▶ Assignment
Every line below must be reproduced exactly; no pictures are to be included.

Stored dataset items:
◆ ◆ ◆ ◆

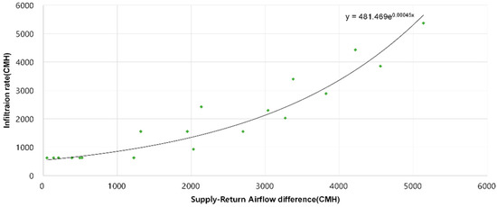 First, the difference between supply and return airflow rates and the indoor–outdoor pressure difference were experimentally derived as having an exponential relationship. This relationship was then applied to an airtightness-based leakage function to predict infiltration rate. This is significant as it overcomes the limitations of previous studies, which either relied on database-based airtightness values or focused solely on control performance.
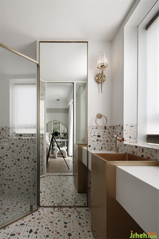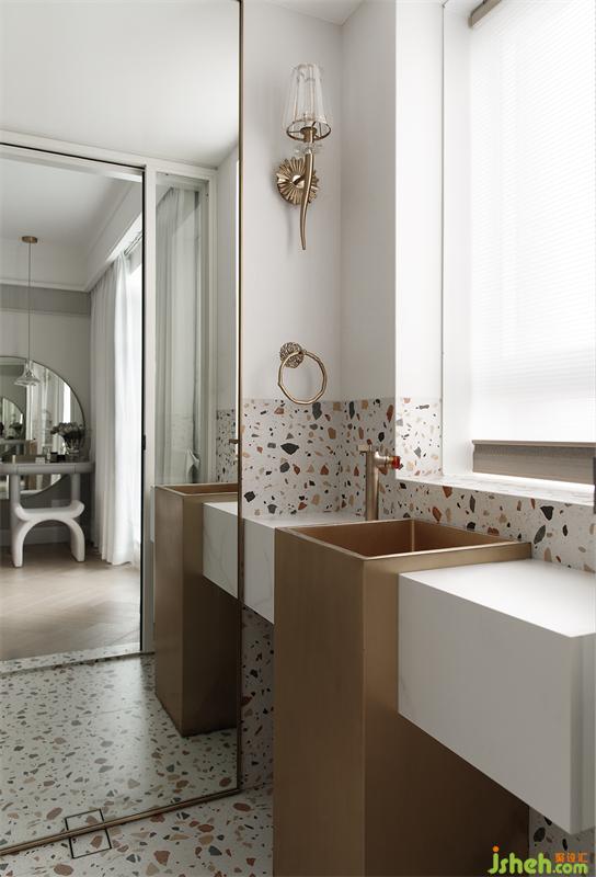 主卫的设计在客厅的材质选择上进行了延用,法式艺术设计不锈钢洗手盆与法式的水晶壁灯一同呼应,彩色的水磨石瓷砖将空间变得生动了起来。
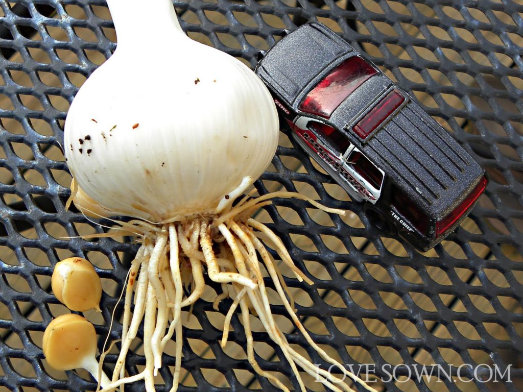 This is the elephant garlic. I threw in a Hotwheels car for size comparisson. It isn’t as big as the ones in the supermarket, but for homegrown garlic, it looks pretty good.
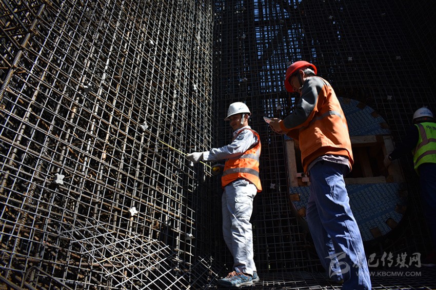 工人正在密植橋墩“鋼筋網”。
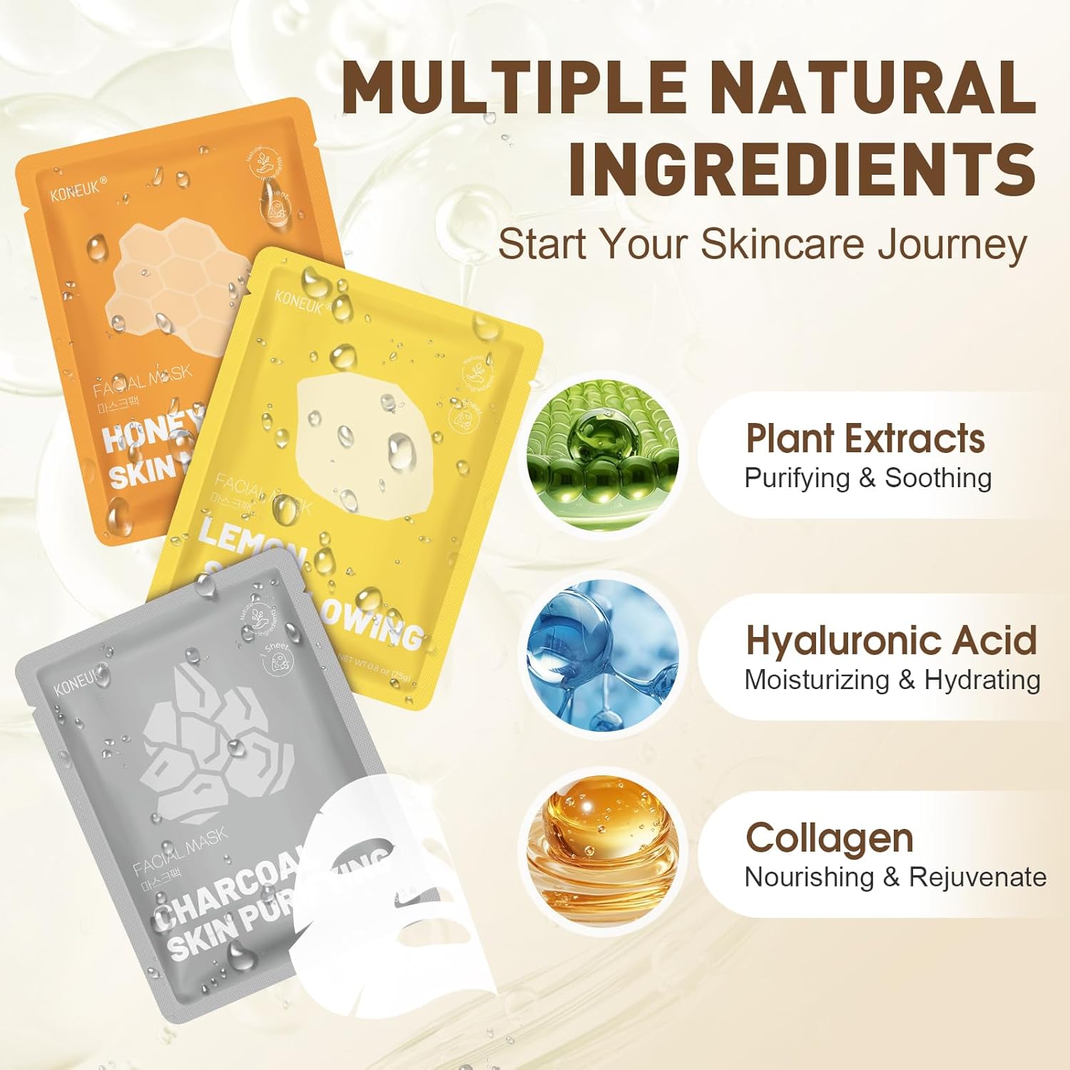- 【120 Pack Collagen Face Masks】Our face masks skincare includes a total of 12 types: grapefruit,honey,avocado,pearl,lemon,cucumber,pomegranate,charcoal,seaweed,aloe,collagen,and milk,10 pcs of each type of facial mask.Different facial masks target different skin problems,the rich collagen essence is quickly absorbed by the skin,leaving it more hydrated and smooth

◆ ◆ ◆ ◆

▶ Exercise result
 First, the difference between supply and return airflow rates and the indoor–outdoor pressure difference were experimentally derived as having an exponential relationship. This relationship was then applied to an airtightness-based leakage function to predict infiltration rate. This is significant as it overcomes the limitations of previous studies, which either relied on database-based airtightness values or focused solely on control performance.
 主卫的设计在客厅的材质选择上进行了延用,法式艺术设计不锈钢洗手盆与法式的水晶壁灯一同呼应,彩色的水磨石瓷砖将空间变得生动了起来。
 This is the elephant garlic. I threw in a Hotwheels car for size comparisson. It isn’t as big as the ones in the supermarket, but for homegrown garlic, it looks pretty good.
 工人正在密植橋墩“鋼筋網”。
- 【120 Pack Collagen Face Masks】Our face masks skincare includes a total of 12 types: grapefruit,honey,avocado,pearl,lemon,cucumber,pomegranate,charcoal,seaweed,aloe,collagen,and milk,10 pcs of each type of facial mask.Different facial masks target different skin problems,the rich collagen essence is quickly absorbed by the skin,leaving it more hydrated and smooth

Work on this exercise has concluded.